Wednesday, April 09, 2008
Scout
In these days of contractors like Halliburton running parts of what used to be Army responsibilities, do soldiers even have KP anymore? When I was in training from December 1966 through April 1967 I got more than my share of that deadly duty. KP stood for Kitchen Police, although no one could actually tell me why. Military Police were cops, and policing the area meant picking up cigarette butts and debris from the ground, but why there were kitchen police was a mystery.
Like most GIs I hated KP. It meant going to work at around 4:00 a.m., and not getting off until as late as 9:00 p.m., depending on how industrious we could be or how fastidious or prickish the cooks were. I saw all kinds. The cooks in our Artillery training unit at Ft. Sill, Oklahoma were some of the worst slave-driving sadists I encountered. We fixed them, though, by sending them Scout.
I don't remember Scout's real name; we called him Scout because he told us to, and Scout was a man to be reckoned with. He came from Montana. He didn't talk very much, but from what we learned from him, he had been on federal probation for several years for bootlegging--bootlegging! of all things, in the 1960s--and when his probation was over the draft board snapped him up. Scout was tall and lean, with a pinched face and perpetual scowl. His eyes were dark and his eyelids were heavy, giving him a hooded look. He always looked like the wheels in his head were turning. In retrospect I think of Scout as a survivalist or a militiaman type, hiding out in the hills, living off the land. Often I'd wake up to see Scout walking the floor at 2:00 a.m. He was an insomniac, so sometimes other guys paid him to take their fire guard shifts. We had two hour turns where we were up and walking the floor to make sure the place didn't burn down. Some guys just couldn't stay awake and crashed onto a bunk during their guard duties. I did that a couple of times, but Scout never did.

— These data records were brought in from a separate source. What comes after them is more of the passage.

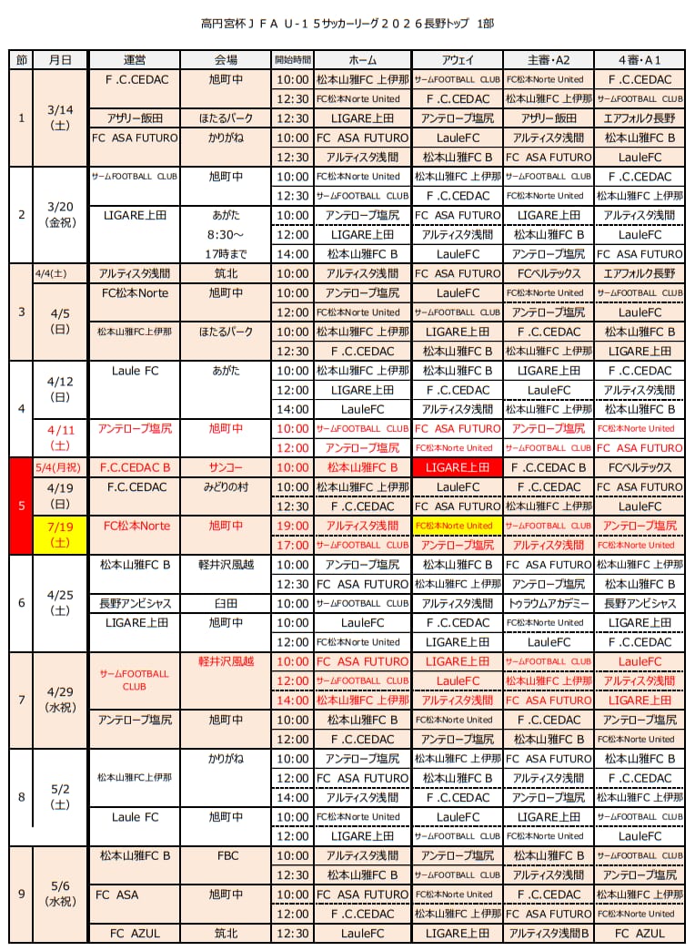 高円宮杯JFA U-15サッカーリーグ2026長野 TOPリーグ
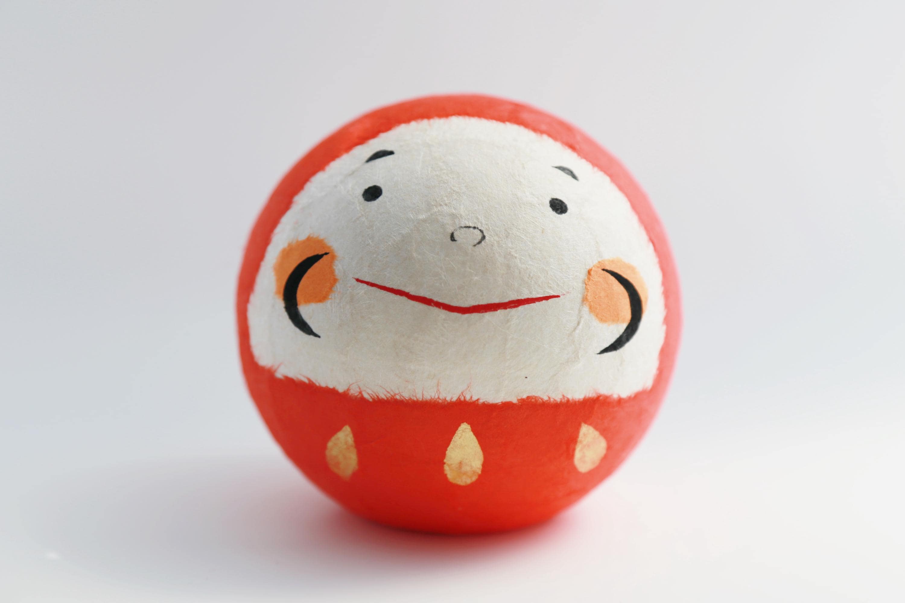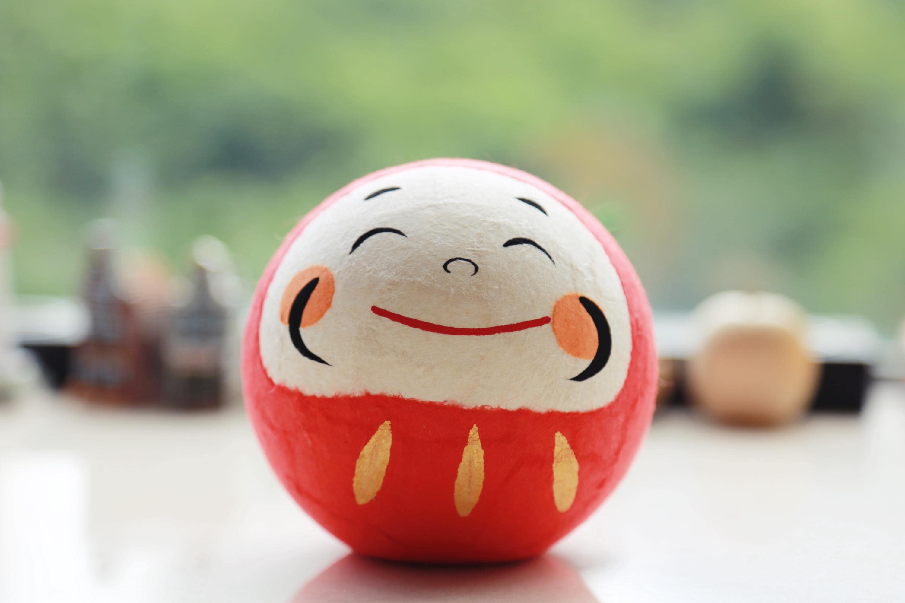 Because the Daruma doll is weighted at the bottom, if you knock it over, it immediately bounces back up. It never stays down.
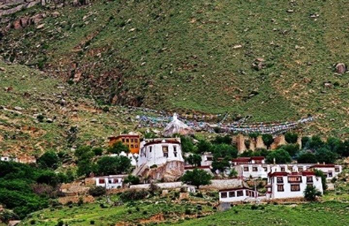 同卡寺全稱為學(xué)呢八宿嘎登桑珠林寺,俗稱同卡寺。它位于八宿營(yíng)縣同卡鄉(xiāng)政府所在地,離縣城250公里,通公路。該寺是由洛巴•江村生格于公元1473年創(chuàng)建的,為功德林拉讓(西藏政府?dāng)z政之一)所屬的一座寺廟。

The rumor was that Scout was more than a bootlegger, that he had killed some men in Montana but that the law couldn't prove it. It was probably a legend grown up around his mysterious personage, but to a bunch of 19 and 20 year olds it seemed real enough. Scout was older than us, probably not more than five or six years, but to us he looked much older. You could see he'd had a hard life. Scout didn't plan on staying in the Army. He told us he wouldn't be going to Vietnam no matter where they said they were going to send him. We figured when we got our orders at the end of our training he was planning to go over the hill to Canada or disappear into the wilds of Montana . To that end Scout was saving money. He'd charge people $5.00 or $10.00 to take their fire guard shift, depending on the time of night, he charged between $15 to $25 for a KP shift, depending on whether it was a weekday or on a Sunday. Everybody wanted Sundays off. I paid Scout $25.00 once so I wouldn't have to do Sunday KP because I thought my parents were driving to Oklahoma to see me. They canceled out, but I didn't dare tell Scout, so I gave him the $25 and went to a movie that Sunday.
The sergeants were probably listening to the same scuttlebutt and rumors as us trainees. They might have believed that Scout was a dangerous person. They didn't stop him from taking those KP shifts even though it meant he missed training. He wasn't lazy. He did his work in the mess hall but the cooks didn't treat him like they treated the rest of us. In a place like the Army it pays to cause fear in people. I never found out what happened to him. When the orders were read out at the end of our training his name was called for Vietnam. I looked at him and his face looked like it always did, like he'd as soon kill you as look at you. Whether Scout ended up in Canada as a deserter, somewhere hidden in America, or whether he actually went to Vietnam as a soldier I'm sure there were people who ended up either seriously intimidated or dead.